Saturday, March 31, 2018

Slow HDF5 progress

I've been struggling with DLLCC, and found another bizarre behavior that I reported on S.O., http://stackoverflow.com/questions/49564024/isnt-pointer-type-checking-disabled-in-dll-c-connect-and-is-that-ok. I then took some time to reread the F... manual.

I think that I have deeper understanding of DLLCC now and published a new patch using double dispatching on the public store. This enables passing a Smallapack.CArrayAccessor as argument to the external function call. What's this thing (the name is not so nice)? It's a proxy to some C data (on heap), somehow like a CPointer (a CType plus a pointer on C data), but with two differences: 
  1. it carries a length, and thus enables safe access of contents from within the Smalltalk world. If you think of it two minutes, every pointer should be bounded, that's clearly the way to go. Alas, in 2018 we still are at assembler level with those C API, so the pointer coming from external world still are unbounded (a pity for safety...).
  2. it is using 1-based index and enables handling from within Smalltalk world like any other collection without too much mindstorm.
With the time spent on DLLCC, the progress was slow on HDF5, I just corrected the H5TString transfer. The documentation was not clear about fixed size null terminated strings. I first thought (or read?) that the terminating null was mandatory. But then the type H5T_C_S1 - a C type string of fixed size 1 - makes no sense! So I speculated that an extra byte was allocated for the terminator... This was wrong! If not enough place is allocated, then the null terminator is omitted. The difference of NullTerminated and NullPadded HDF5 Strings is then germane: the former ends before first null, the later at last non null, but in neither case null is mandatory...

Along with the CArrayAccessor change, I can now explore the contents of a HDF5 file created by Matlab save -v7.3. a Small step in the right direction.

Thursday, March 29, 2018

HDF5 interface requires a patch in DLLCC

Apologies to those who would have tried the HDF5 interface (if any): I completely forgot that I had to patch argument coercion in DLL/C-Connect to let it work.

I suspect that this is a bug of DLLCC, see http://stackoverflow.com/questions/49544642/why-cant-i-pass-an-uninterpretedbytes-to-a-void-thru-dll-c-connect

I have published a new bundle with the override. Alternate solution would be to either pretend that the function can take an _oopref* buffer argument, or to go thru copyToHeap copyFromHeap: complications that I absolutely do not want (HDF5 data can be big, thus I do not wish any extra/unecessary copy).

Monday, March 26, 2018

Interfacing Smalltalk with HDF5

I am going to speak about connecting Smalltalk with external (scientific) data again.

This time, it's not with Matlab, but HDF5, the hierarchical data format supported by http://www.hdfgroup.org 

Every language targetting science/engineering niche must have an interface to HDF5. That is the case of Python and Matlab to only cite two. And you know that I'd like to promote the usage of Smalltalk in this area too. So lets do it: here comes the HDF5 bundle in Cincom public store.

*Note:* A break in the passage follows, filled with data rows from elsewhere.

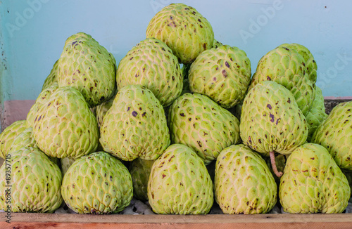 © pikyarm108, Obraz premium Sweetsop on table for sell, selective focus point.
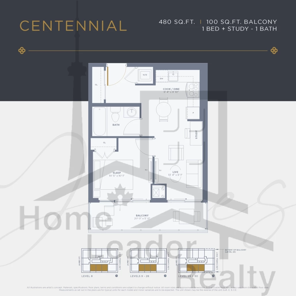 1306 Centennial 1.5 Bed , 1 Bath 480 SQFT South West
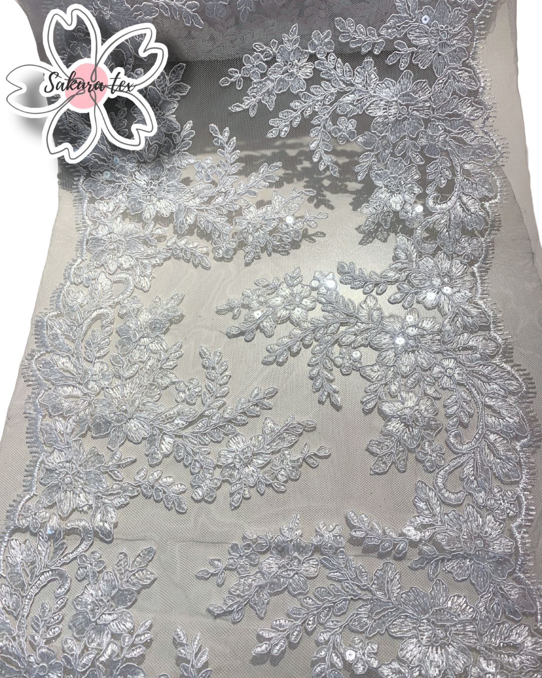Blonda Bordada con lentejuelas y 2 Tiras de 16cm cada blonda. De 1 metro le salen 2 metros lineales!
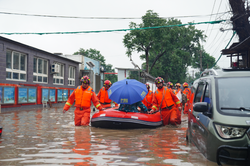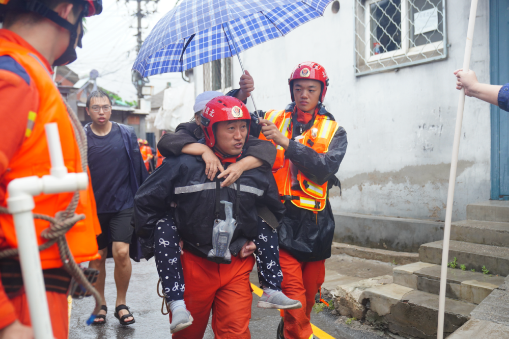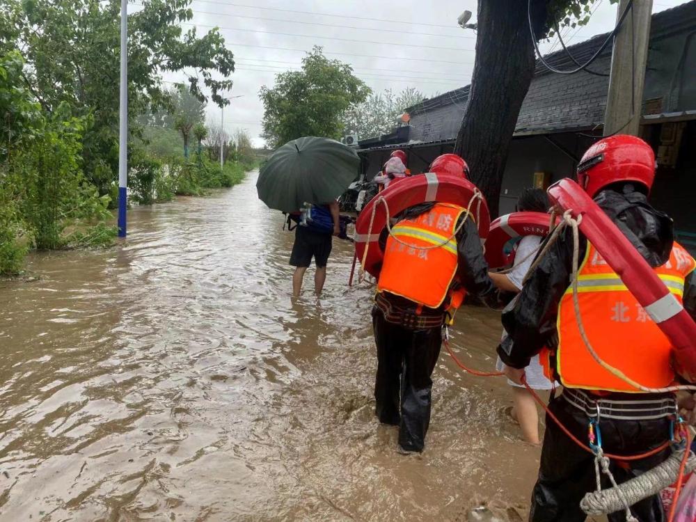 7月31日13時36分,石景山區(qū)廣寧街道麻峪村內(nèi)道路積水最深處達(dá)1米,石景山區(qū)消防救援支隊接警后,出動指戰(zhàn)員35人、消防車8輛、沖鋒舟6艘,對被困居民進(jìn)行疏散。

If interfacing with Matlab mat-file format was a piece of cake, HDF5 is much more involved. First, because HDF5 is like a file system. There are recursive named Group of data, like directories. And groups are not necessarily arranged as a tree, but can form arbitrary graphs (circular) thanks to links. Second, because HDF5 comes with a type system. It can hold arbitrary types, whether atomic (integer, floating point,bit fields) or composite (structure, arrays). The types can even be references to other objects, which means that it is sufficiently general to describe heterogeneous collections of dynamically typed data.

There are two kind of way to store data: the first is Dataset which are named entries in Groups (a bit like files in directories). a Dataset is a rectilinear multiple dimension array (like the MultipleDimensionArray that I recently promoted in Visualworks public store and Squeak STEM). The second is Attributes. All named entries (Group, Dataset and named types) can have attributes, which are kind of string-key arbitrary-value pairs. Attributes generally hold meta data. They lack the ability to perform the read/write of sub-regions of data. We somehow can compare attributes to the property list of Morphic.

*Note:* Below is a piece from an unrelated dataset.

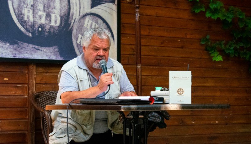 Molnár Vilmos a Bulgakovban, előtte a Kőrösi Csoma Sándor-kötet (fotó: Mărcuțiu-Rácz Dóra)

For additional complexity from the interfacing point of view, arrays can be of variable length. Thus the buffer for holding complex data cannot be preallocated from within Smalltalk before the data transfer, but has to be allocated on the fly by the HDF5 library. Thats potentially means either memory leaks or dangling references to freed memory, or the two if the programmer worked too late at night.

HDF5 comes with lot of documentation including reference, user guide, tutorial and examples if you want to learn more.

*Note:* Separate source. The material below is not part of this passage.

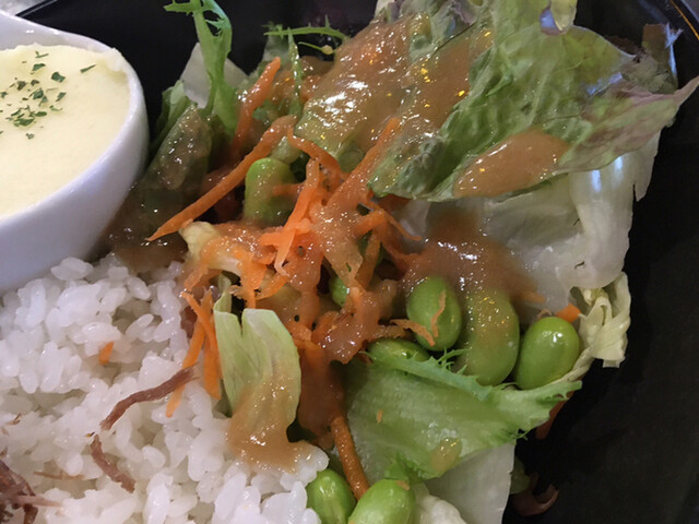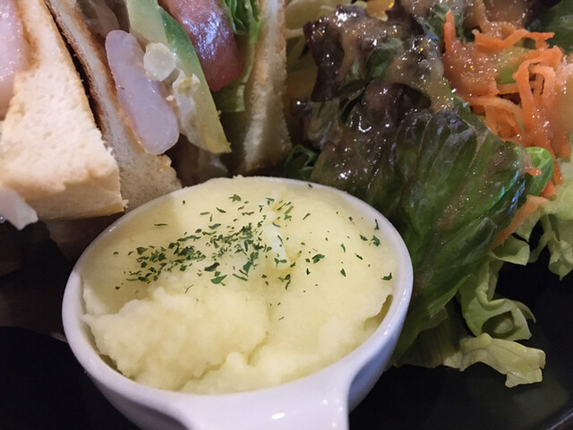 サンドウィッチは、アボガド、トマト、タマネギ、エビ、レタスが具材です。トーストされたパン(既に冷えています)に、具材を挟み、タルタルソースで味付けがされています。アボガドのトロりとした食感に、エビのプリプリ感が良いバランスです。エビはボイルされています。トマトも厚めにカットされて、そのまま挟まれていますので、ボリューム感は○です。他に、プレートにはサラダとマッシュドポテトが添えられています。サラダは、レタス、ニンジンの酢漬け、枝豆(?)、レンズ豆とお豆も入れられて、酸味の効いたドレッシングで味付けされています。酸味が効いて爽やかな美味しさです。ポテトは小さなカップに入れられています。温められていて滑らかな舌触りで美味しいです。

Among the many features of HDF5, let's focus of some of the most essential:
  • the ability to perform type transformations during transfer operations. This enables language interoperability, since the type system is flexible enough to accomodate many languages (if not all thru C interface).
  • the ability to read/write sub-regions of dataset. This enables handling of huge data, the whole dataset does not have to reside in memory.
  • it scales well (or at least it can if used adequately).
That being said, this comes with a price: HDF5 is complex, and like the manipulated data, the API is bigger than big too.

It's clear that the target languages that HDF5 creators had in mind were statically typed. So the mapping to dynamically types objects is not straightforward, nor optimized, especially for the compound type (structure). The transfer necessarily involves two steps: the transfer or raw data, followed by a transformation to Smalltalk data for read, et vice et versa for write. For handling all cases, including references, a visitor pattern will be necessary (references can be cyclic too).

For huge data, the way to go is to use proxy to HDF5 objects. That means giving minimal behavior to the proxys, at least for storing/retrieving whole data or subregions. Application specific behavior should better lie in application specific objects, and those objects would use a generic HDF5 proxy. Since data structure is hierarchical (recursive), an application specific visitor should construct the application specific object graph. The early implementation that I just published is not yet there. It does not even use a visitor, but hardcode an arbitrary visit in the HDF5 proxies. It's more a minimal proof of concept at this stage, but a usable proof of concept though.

So, how do we use it? For creating a HDF5 file, first do this:

out:= H5File create: 'foo.h5'.
H5Dataset createPath: 'float1' parent: out rootGroup value: 1.3e0.
H5Dataset createPath: 'double2' parent: out rootGroup value: Double pi.
H5Dataset createPath: 'int3' parent: out rootGroup value: -357.
out close.


The close operation is not strictly necessary, because I implemented a registry of opened hdf5 objects with auto-close facility when the entries are reclaimed. But forcing a close fushes the file, otherwise the close will be delayed until all opened HDF5 entities have been reclaimed by garbage collector.

For reading, it's like this:

in:= H5File readOnly: 'foo.h5'.
float1 := (in / 'float1') value.
double2 := (in / 'double2') value.

int3 := (in / 'int3') value.
in close.


This example is a bit poor. We can also create/query groups, attributes and handle more complex data, thanks to MultipleDimensionArray, RawArray for atomic data types, the CArrayAccessor of Smallapack for arbitrary data. 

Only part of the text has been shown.